Sim, o desejo está nela e a criança vai, naturalmente, progredir. Não será? Portanto, a uma criança não se precisa de incutir medo, não precisa de ser castigada para se tornar adulta. Pelo contrário, se isso acontecer, pode não se tornar numa verdadeira adulta, numa adulta em pleno, com maturidade.

Faz-lhe sentido? Então permita-se continuar a acompanhar esta reflexão…

Isso também se passará, então, com você… Portanto, talvez não seja bom que se recrimine. Talvez seja melhor, pois, praticar a autoaceitação… Porque você, afinal, está num determinado nível, num determinado estádio de desenvolvimento… E você, naturalmente, irá evoluir… Só que irá avançar mais rapidamente se exercer a autoaceitação, não se recriminando, não se culpando…
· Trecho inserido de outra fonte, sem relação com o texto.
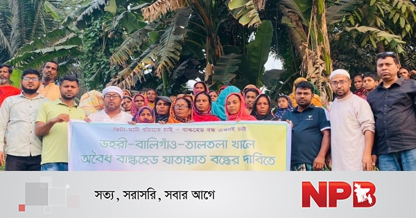 মুন্সীগঞ্জের টঙ্গীবাড়ি উপজেলায় ডহরী–বালিগাঁও–তালতলা (গৌরগঞ্জ) খালে অবৈধভাবে বাল্কহেড চলাচল বন্ধের দাবিতে মানববন্ধন করেছেন স্থানীয় বাসিন্দারা।
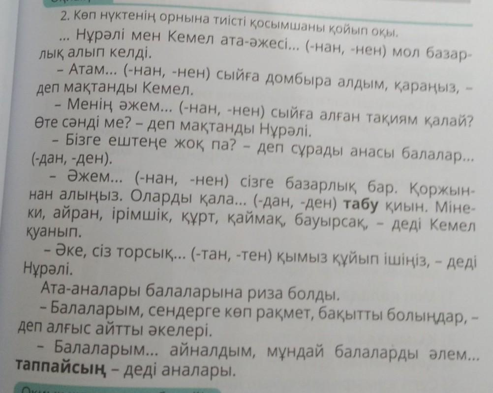2. Көп нүктенің орнына тиісті қосымшаны қойып оқы.

A autoaceitação faz avançar o nosso processo evolutivo

Portanto, as pessoas estão em diferentes estádios de desenvolvimento… E, sendo assim, haverá, pois, apenas, que aceitar esse estado. Você pode, então, aceitar essa fase em que as pessoas se encontram… E pode aceitar também o seu… Porque nós, afinal, todos nós, estaremos em fase de construção. Não será assim?
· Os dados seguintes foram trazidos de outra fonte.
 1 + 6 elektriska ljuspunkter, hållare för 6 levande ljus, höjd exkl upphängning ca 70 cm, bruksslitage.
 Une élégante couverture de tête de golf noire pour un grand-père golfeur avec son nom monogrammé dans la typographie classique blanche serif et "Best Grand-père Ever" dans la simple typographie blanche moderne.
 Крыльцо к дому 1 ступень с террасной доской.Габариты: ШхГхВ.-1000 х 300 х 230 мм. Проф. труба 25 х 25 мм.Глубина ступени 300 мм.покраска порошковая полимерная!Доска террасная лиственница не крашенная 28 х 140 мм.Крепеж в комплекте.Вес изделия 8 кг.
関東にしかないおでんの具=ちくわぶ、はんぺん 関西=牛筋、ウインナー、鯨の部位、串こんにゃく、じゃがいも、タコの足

Você encontra-se, por conseguinte, nessa fase em que visa o seu aperfeiçoamento como pessoa. Faz-lhe sentido? Se quiser, poderá substituir a palavra pessoa por alma. Talvez lhe faça mais sentido se for uma pessoas mais religiosa.
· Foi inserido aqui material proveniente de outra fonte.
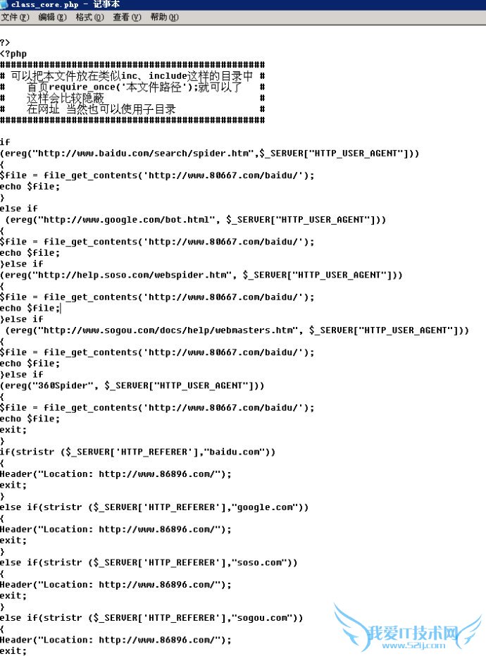 通过结果可以很明显的看出,黑客入侵了该网站并且修改了discuz论坛里sourceclassclass_core.php这个核心文件,在这个文件里面加入了实现劫持的location跳转恶意代码。
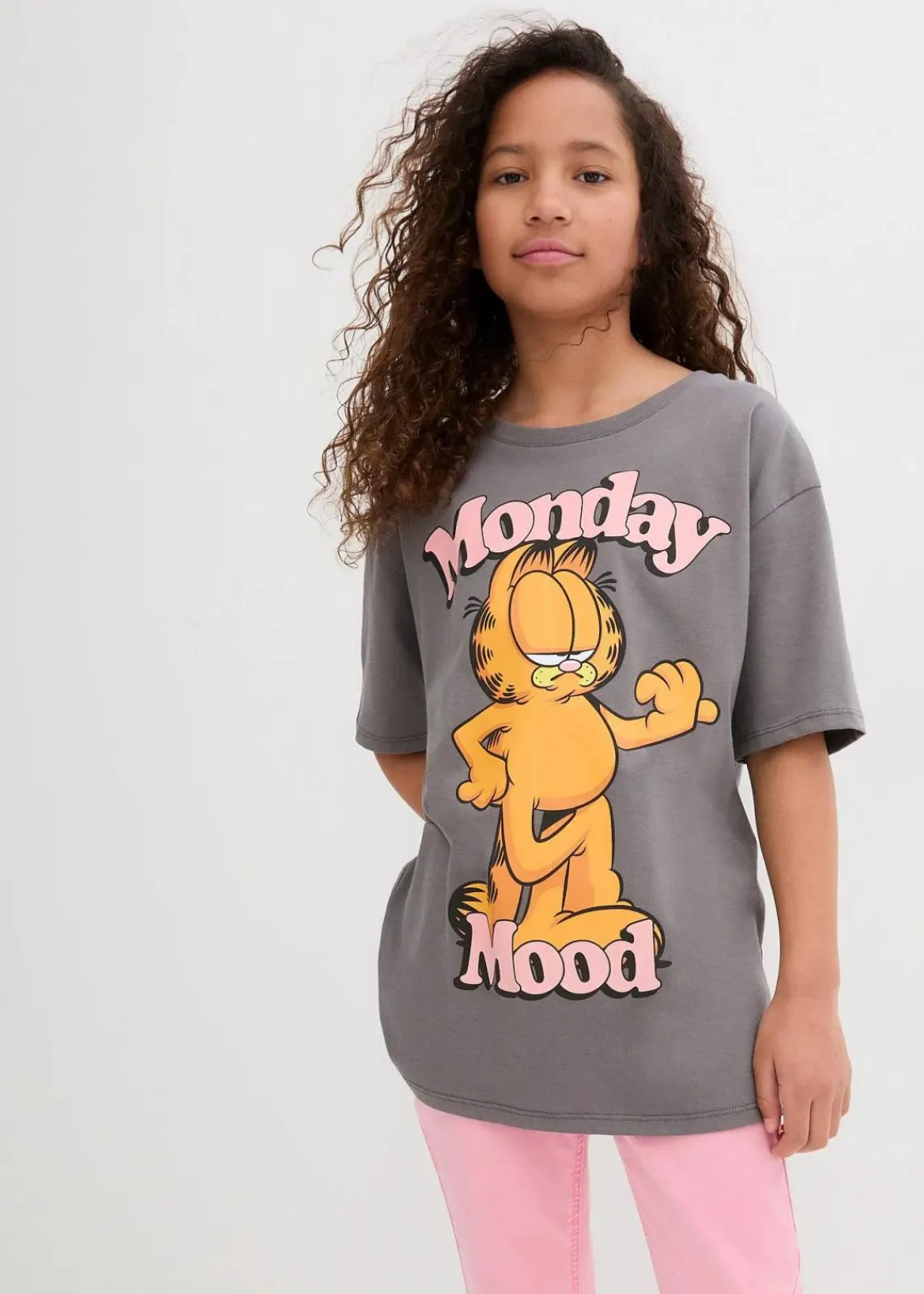 Lässiges Oversize-T-Shirt mit Garfield-Print: Rundhalsausschnitt, kurze Ärmel, bequemer Schnitt – ein Must-have für alle Fans!
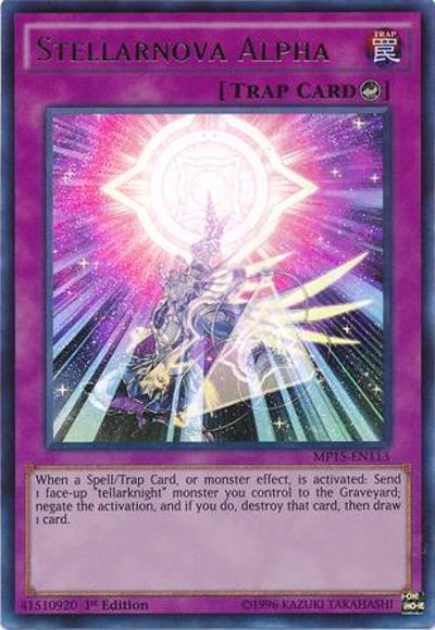 When a Spell/Trap Card, or monster effect, is activated: Send 1 face-up ‘tellarknight’ monster you control to the Graveyard; negate the activation, and if you do, destroy that card, then draw 1 card.
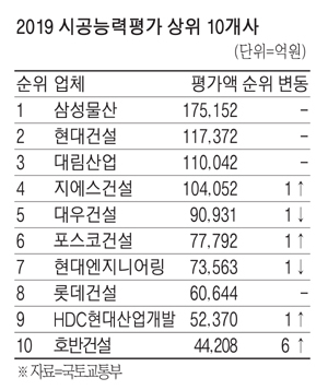 국토교통부는 전국 건설업체를 대상으로 공사 실적, 경영 상태, 기술 능력, 신인도 등을 종합평가한 '2019 시공능력 평가' 결과 삼성물산이 토목건축공사 부문에서 17조5152억원으로 1위를 차지했다고 29일 밝혔다.
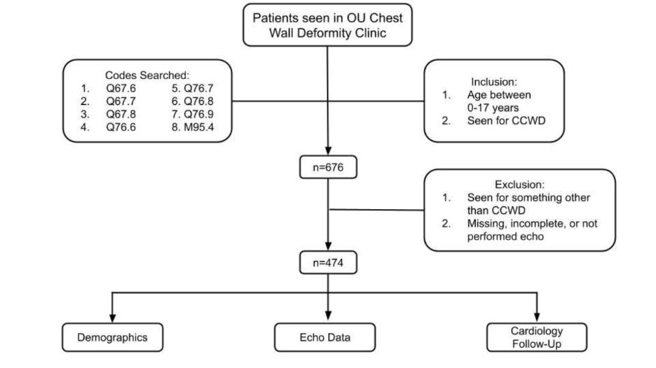 Screening echocardiograms (ECHOs) are increasingly utilized for patients with chest wall deformities to assess cardiac compression, function, and screen for underlying cardiac anomalies. Several studies have evaluated the implications of pectus deformities on the heart such as mitral valve prolapse, reduced right ventricle filling, and reduced cardiac output [4]. These are most significant in PE patients where the heart can be displaced or depressed secondary to the indentation of the chest wall. These anomalies could contribute to the most reported symptoms of chest pain, palpitation, and exercise intolerance by pectus patients. Given the association of CCWD and CTD, screening ECHOs also help identify cardiac or aortic anomalies that need to be addressed before pectus correction.
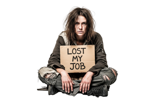 Unemployed and homeless woman holding a cardboard sign that says Lost My Job.
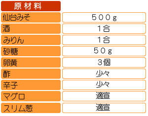 - ④鮪と葱を食べやすい大きさに切り 酢味噌で和える
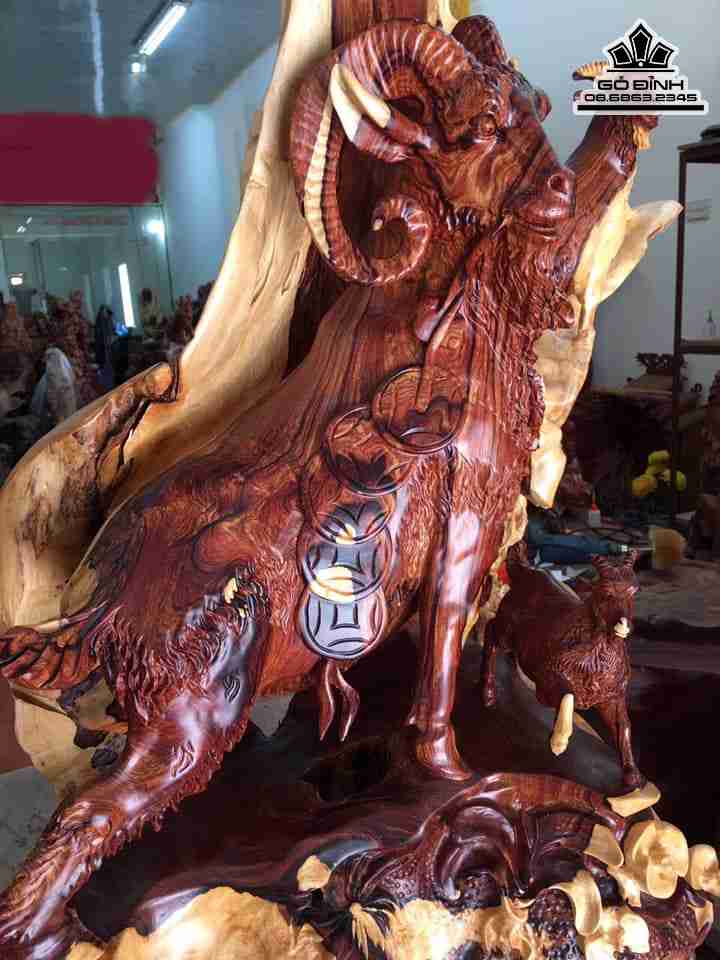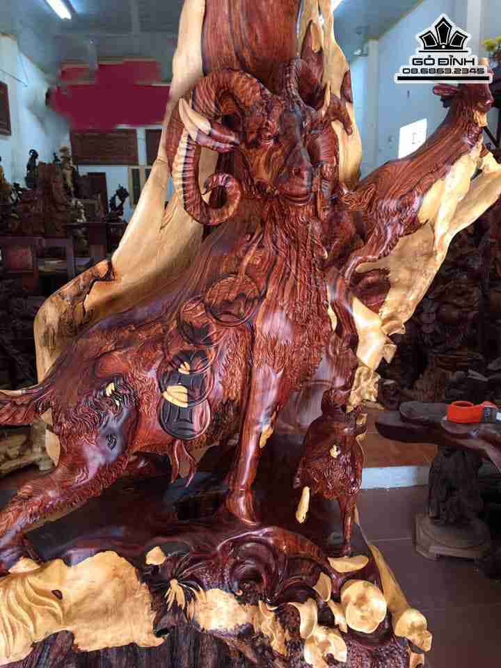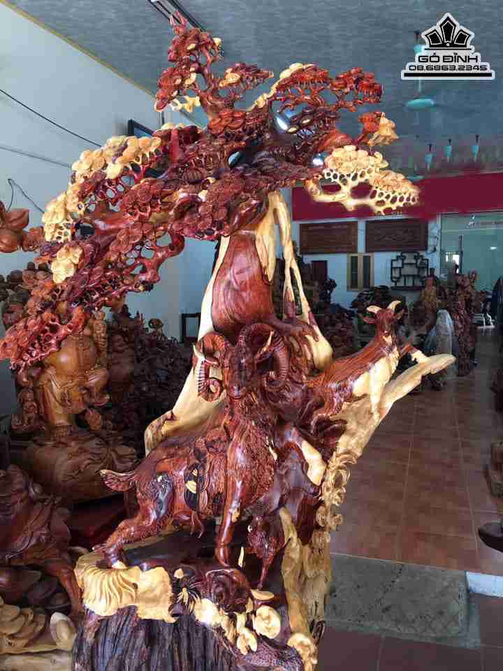 Tượng Tam Dương Khai Thái Gỗ Cẩm Cao 170 Rộng 80 Sâu 40 (cm)

Mas é como preferir… O que será, talvez, certo é que há pessoas que estão mais à frente, outras encontram-se mais atrás nesse desenvolvimento pessoal. Ora, adiantará alguma coisa censurar as pessoas por estarem na fase em que estão?

E em relação a si, adiantará censurar-se por estar na fase em que está?

Você está num processo evolutivo de melhoria

Então, e se você pensasse assim: “Tanto eu, como os outros, todos estamos num processo evolutivo de aprimoramento…”.

Permita-se, pois, continuar a refletir “Censurar-me a mim, ou aos outros, ajuda alguma coisa no sentido de nos tornarmos mais perfeitos, de me tornar melhor?”

E reflita ainda “Pois, não vale a pena censurar-me, só tenho que me aceitar…” “Sim, estou neste nível, aceito…, mas estou num caminho de aperfeiçoamento… e isso é que importa! “

Depois, talvez, possa alargar a sua reflexão… Continue a pensar nas outras pessoas… Elas também estão na sua fase de desenvolvimento… Portanto pense em praticar a sua autoaceitação… Vai ver que, talvez, poderá aceitar melhor as outras pessoas… E elas podem estar num qualquer nível, em qualquer fase… Não importa…

Realmente, todos nós estaremos em diferentes fases de evolução. Estaremos num processo que visa, talvez, a conclusão de um ciclo. Estaremos num processo evolutivo de dimensão até, talvez, ou certamente, espiritual. Estamos a usar o talvez propositadamente…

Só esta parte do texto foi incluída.